Bu kilisenin ve dükkânların tarihi bir hikâyesi var. Biz de sonradan, tevafuken öğrendik. Meğerki Sultan I. Abdülhamit Han, buraları bir deprem sonrası yeniden inşa ettirip dükkânları da vakfiye olarak bağışlamış. Kilise görevlileri de bu ilgiye vefa gösterip giriş kapısının alınlığına Osmanlıca bir teşekkür yazısı koymuşlar. Güzel bir örnek bu.
Caddenin ikiye ayrıldığı yerin sağ tarafında Antik Beyazıt Otel var. Burası 1935 yazında, Mehmet Akif’in misafir kaldığı “Bereketzâde” konağıymış. Merhum, hasta olarak Mısır’dan döndüğünde saygı ve hürmetle ağırlanmış burada. Hemen yanında “Ata Koleji” bulunuyor. Yine bir konak olan bu bina da Bereketzâdelerin. Sokağın sonunda ise tarihi Valilik binası vardır ki Hatay Devleti cumhurbaşkanlığı ve başbakanlık konutu olarak hizmet vermiş. Tarih denilen şey ilginç gerçekten.
Büyük Park
Şehirde nefeslenecek en ferah yer burasıdır dersem isabet olur. Fransızların da peyzajına katkıda bulunduğu bu parkta Amanoslar’da yaşayan karacalardan tutun da, sülün, tavus, kuğu, ördek, kaz ve tavşana kadar birçok canlı besleniyor. Hafta sonları uğruyoruz mutlaka. En çok çocuklar mutlu oluyorlar buna. Bizimkiler “Kuşlu Park” diyorlar. Kâğıt helva, pamuk şeker ve dondurma ekstra hizmet. Oyun alanları cıvıl cıvıl. Çocuklar gelmesin de ne yapsın.

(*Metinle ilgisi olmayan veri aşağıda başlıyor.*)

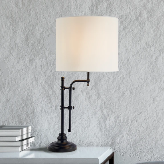 Lampa stołowa Munich, czarny/biały, len, E27, regulowana

Bu parkta, bir nizam dizilmiş servilerin arasında yürürken, insan, büyük bir törenin içinden geçiyormuş hissine kapılıyor. Bundandır ki ne zaman burada veya Akevler üçüncü ve dördüncü sokakta yürüsem çok hoşuma gider. Akşam veya günün herhangi bir vakti ailecek çimlerin üzerinde ya da piknik masalarında bir şeyler yiyip içmek de güzel olur. Asi Nehri’ne komşu, bakımlı ve güzel bir bahçe burası.
Vali Göbeği
Şehrin ikinci büyük yeşil alanı olan Vali Ürgen Parkı, bizim çocukların dilinde “Atlı karıncalı park”a dönüştü. Yetişkinler ise, dönel kavşaktan dolayı “Vali Göbeği” diyorlar. Halkın buluşma ve çay içme noktalarındandır burası. Her mekânda olduğu gibi buranın da müdavimleri vardır. Tavla, çay, kahve ve nargileciler abonedir.

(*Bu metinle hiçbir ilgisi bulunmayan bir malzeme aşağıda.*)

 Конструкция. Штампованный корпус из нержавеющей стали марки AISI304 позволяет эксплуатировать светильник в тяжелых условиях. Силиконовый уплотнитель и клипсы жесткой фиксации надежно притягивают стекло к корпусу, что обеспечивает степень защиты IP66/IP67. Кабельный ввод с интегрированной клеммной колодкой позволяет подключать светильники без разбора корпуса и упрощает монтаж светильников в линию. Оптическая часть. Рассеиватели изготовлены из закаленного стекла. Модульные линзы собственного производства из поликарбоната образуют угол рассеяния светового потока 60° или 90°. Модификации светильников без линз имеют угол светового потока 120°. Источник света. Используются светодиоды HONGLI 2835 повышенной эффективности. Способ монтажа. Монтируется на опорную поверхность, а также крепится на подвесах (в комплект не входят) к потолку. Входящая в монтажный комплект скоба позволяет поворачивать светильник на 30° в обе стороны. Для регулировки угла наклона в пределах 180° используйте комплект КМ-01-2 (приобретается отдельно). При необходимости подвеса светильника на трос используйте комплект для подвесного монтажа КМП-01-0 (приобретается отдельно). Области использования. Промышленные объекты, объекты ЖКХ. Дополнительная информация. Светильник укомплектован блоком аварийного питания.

Çevresinde çerezci, kestane kebapçı, mısırcı, dondurmacı eksik olmaz. Bu seyyar tezgahlar şehre farklı bir yerel doku kazandırır. Beş duyuya hitap eden böylesi hatıra mekânlarının olması iyidir aslında. Burada geçirilen bir vakit, içilen güzel bir kahve ya da demli çay, yenilen bir avuç kestane kebabı ve edilen hoşça bir sohbet, kiminle vakit geçirmişseniz o şekilde tatlı bir anı olarak kalır, unutulmaz sanırım.